The message highlights David's earnest seeking of the Lord in prayer, which involves not only spoken "words" but also "groaning" (things too deep for words) and a "loud and desperate crying out". David reasons with God based on God's righteous and holy character, acknowledging that God "does not delight in wickedness" and "hates all evildoers". This reasoning leads to a crucial realization: humans themselves are guilty of evil, making their only hope for approaching God the "abundance of your steadfast love" (HESED). This HESED is defined as God's "sovereign covenantal undeserved abundant favor and kindness", enabling entry into God's house and leading to humble, reverent worship.

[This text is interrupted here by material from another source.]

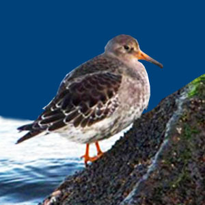 Морской песочник (лат. Calidris maritima) — вид птиц из семейства бекасовых, достаточно крупный кулик. Гнездится на арктических побережьях и в горной тундре Евразии и островах Северного Ледовитого океана. Вне сезона размножения его обычно можно встретить на берегу в полосе прибоя, где он небольшими стайками до 10—20 особей держится на влажных, густо покрытых бурыми водорослями валунах. Птица не боится человека и подпускает его на достаточно близкое расстояние. Вспугнутая на камнях стайка с криком поднимается в воздух, описывает невысоко над поверхностью воды полукруг и вновь возвращается на камни. Длина 19—22 см, размах крыльев 40—44 см, масса 55—110 г. Своим внешним видом этот вид заметно выделяется среди всех песочников, за исключением берингийского; однако ареалы этих двух родственных между собой птиц нигде не пересекаются. Ноги очень короткие желтоватые (летом) либо оранжевые (зимой). Клюв 4 – 5 см в длину, крылья в сложенном состоянии не заходят на вершину хвоста. В нижней части ног развиты толстые кожистые оторочки, которые увеличивают касательную поверхность и помогают удерживаться на скользкой покрытой водорослями поверхности. Половой диморфизм проявляется только в размерах: самки выглядят несколько крупнее самцов и обладают более длинным клювом; в окрасе оба пола различий не имеют. Расцветка оперения тёмная, в которой в отличие от многих других песочников чёрные и угольно-серые тона доминируют над рыжими. Весной и летом оперение верхней части тела черноватое или тёмно-бурое с бледно-охристыми, беловатыми и рыжими каёмками перьев на темени, затылке и лопатках. Бока головы и горло серовато-белые с тёмными продольными штрихами, над глазом развита светлая надбровная полоса. Грудь тёмно-бурая, брюхо в средней части белое, по бокам беловатое с тёмно-бурыми продольными пестринами. Первостепенные маховые буровато-чёрные, второстепенные бурые с белыми вершинными каёмками. Хвост слегка закруглённый, рулевые серовато-бурые, с узкими белыми каёмками в центральной части. Радужина тёмно-бурая. Осенью и зимой оперение становится ещё более тёмным и монотонным. Рыжие тона в нём заменяются угольно-серыми, светлая надбровная полоса исчезает, голова в целом приобретает однотонный буровато-серый окрас. На уздечке между глазом и клювом образуется хорошо выраженное белое пятнышко, жёлтые ноги и основание клюва приобретают горчичный или оранжевый оттенок. Шея и грудь буровато-серые. Брюхо на фоне тёмного верха выглядит контрастно-светлым и в сравнении с летним нарядом более тусклым — беловато-серым с размытыми мышино-серыми пятнами по бокам. Молодые птицы похожи на взрослых в летнем наряде, отличаясь от них бледно-охристыми и беловатыми, но не рыжими каёмками опахал в верхней части тела. Наиболее частая позывка — громкий, но вместе с тем мягкий односложный крик, передаваемый как «кют», «кеут» или «кевит», иногда в стайках переходящий в тихое двусложное щебетание. Сигнал тревоги — громкий и быстрый хохочущий крик «пехехехехехе…». В сезон размножения репертуар более разнообразный, состоящий из различных хриплых и вибрирующих звуков. В частности, в токующем полёте издаёт звонкую урчащую трель, похожую на трель чернозобика — «пруи..пруи..пруи…» или более жёсткое щебетание «кьюик..кьюик…уик..уик..уик…». Гнездовой ареал — арктические побережь
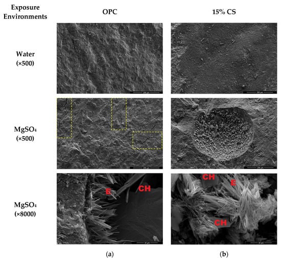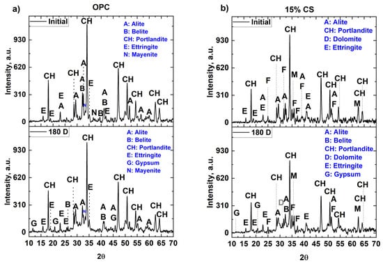 Figure 9 shows the XRD patterns of mixtures containing 100% OPC and 15 vol% CS, collected after 28 days of water curing (initial condition) and after 180 days of exposure to a MgSO4 solution. In Figure 9a, distinct diffraction peaks corresponding to portlandite (CH), ettringite (E), albite (A), belite (B), and mayenite (N) are observed before the sulfate exposure. A and B are unhydrated clinker phases, while E (AFt) and CH are typical hydration products. At 180 days of exposure, a decrease in the intensity of the CH peaks was observed, suggesting the consumption of this phase for the generation of AFt and gypsum. This behavior was also observed by Wang et al. [], who reported a decrease in CH peaks and an increase in peaks corresponding to ettringite, gypsum and brucite. This phenomenon was attributed to the consumption of Ca2+ induced by the presence of SO42−, which favors the formation of gypsum when the mixtures are exposed for prolonged periods in this solution. On the other hand, it should be also emphasized that C–S–H, due to its low crystallinity, is not detected by XRD [] either before or after exposure.

The sermon clarifies that the primary opposition for Christians is not human beings but Satan and his minions, against whom imprecatory prayers (prayers against enemies) should be directed, while human enemies should be loved and prayed for. Regardless of specific prayer answers, the most important thing is to find refuge and rejoice in the Lord, trusting Him in all circumstances, including suffering, opposition, and trials. The message concludes by cautioning against three common mistakes regarding the enemy: complacency (thinking one has no enemy), mistaking human beings for the real enemy, and living in fear or dread. The ultimate truth and refuge is that Jesus fulfilled Psalm 5, faced undeserved enemies, and defeated the enemy at the cross, providing an effective refuge for believers.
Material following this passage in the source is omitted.